Встречи с композиторами следующих поколений начались у Листа гораздо позже. В 1876 году у него была короткая встреча с молодым П. И. Чайковским — в период представления вагнеровского «Кольца нибелунга» в Байрейте. Несколько встреч было у него с Бородиным и Кюи. Лист высоко ценил оперу Кюи «Ратклиф». Хотя с Римским-Корсаковым и Балакиревым личных встреч у Листа не было, но заочное знакомство и переписка имели место. Лист знал и высоко ценил талант Римского-Корсакова, с похвалой отзываясь, в частности, о «Снегурочке», симфонической картине «Садко» и симфонии «Антар». Кроме того, очень большой похвалы заслужил с его стороны составленный и обработанный Римским-Корсаковым сборник русских народных песен. В творчестве Балакирева и Римского-Корсакова имеется немало перекличек с Листом, но особенно это заметно в двух произведениях 80-х годов, которые оба автора посвятили Листу, — в симфонической поэме (листовский жанр!) Балакирева «Тамара» и в концерте для фортепиано с оркестром Римского-Корсакова. Хотя в основе концерта была русская мелодия, он, по признанию автора, «по всем приемам выходил сколком с концертов Листа». Отметим также, что любимый Листом «Исламей» Балакирева по своей композиции и виртуозной трактовке фортепиано также чрезвычайно близко стоит к листовскому стилю. Однако более типичным для передовых русских композиторов было творческое развитие достижений Листа и его художественных принципов.
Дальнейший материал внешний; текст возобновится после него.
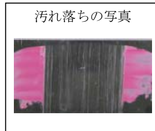
<ソフトタイプの不織布面の洗浄力テスト> ステンレス板に口紅をつけて 洗剤をつけずにこすったもの 住友スリーエムのテストによる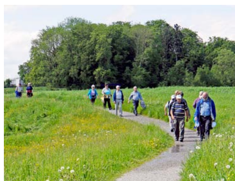
Das Feld ist schon ziemlich in die Länge gezogen.

So ähnlich wird es am 14. August auf dem Grillrost aussehen.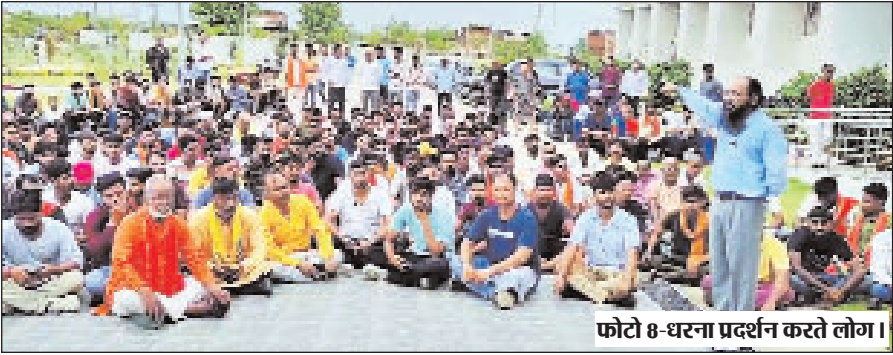
फोटो 8- धरना प्रदर्शन करते लोग।

गढ़वा। जिला मुख्यालय के मझिआंव मोड़ के निकट उसं की रात एक विशेष समुदाय के कुछ मनबढ़े युवकों द्वारा जुलूस के दौरान एक पशु पर तलवार से हमला कर दिये जाने का मामला प्रकाष में आया है। मौके पर मौजूद कुछ स्थानीय युवकों ने जब इसका विरोध किया तो उनके साथ भी विशेष समुदाय की भीड़ ने मारपीट की। जिससे एक युवक बुरी तरह से घायल हो गया। जिसे इलाज के लिए सदर अस्पताल में भर्ती किया गया। जहां उसका इलाज चल रहा है। घटना के बाद पुलिस घटना स्थल पर पहुंचकर मामले की छानबीन में जुटी हुई है। इस घटना के विरोध में विष्व हिंदू परिषद एवं बजरंग दल ने

Выше уже отмечалось совпадение взглядов Листа и Мусоргского. Лист — смелый новатор, призывающий к решительному обновлению музыкального искусства, был особенно близок именно Мусоргскому с его призывом «К новым берегам!». Можно только глубоко сожалеть, что этим двум замечательным художникам по ряду не зависящих от нпх обстоятельств не удалось лично узнать друг друга. В 1873 году, когда Мусоргский был вынужден отказаться от заманчивого предложения Стасова вдвоем посетить за границей Листа, в его письме к Стасову было следующее признание: «…я как будто вижу Листа, слышу его, веду с ним и с Вами беседу. Это не мечтание, не беспардонная фраза. Настолько еще есть живой силы, чтобы поднять в себе могучий образ художника-овропейца, зашевелить мозгами на все, сделанное этим художником, и в один миг стать перед ним, смотреть и слушать его». Еще раньше, в письме к тому же Стасову, Мусоргский с радостью передает сообщение своего издателя В. Бесселя, посетившего Листа в Веймаре: «…Лист восторженно относится к русской музыке последнего времени и, между дрочим, объявил В. Бесселю, что «Детская» его до такой степени расшевелила, что он полюбил автора и желает посвятить ему «une bluette»[3]. Радостное удивление вызвала у Мусоргского эта оценка одного из особенно ярких и оригинальных созданий композитора — вокального цикла, воплощающего наивный и трогательный мир детей. По его признанию, он «никогда не думал, чтоб Лист, за небольшими исключениями избирающий колоссальные сюжеты, мог серьезно оценить «Детскую», а главное, восторгнуться ею: ведь все же дети-то в ней россияне, с сильным местным запашком».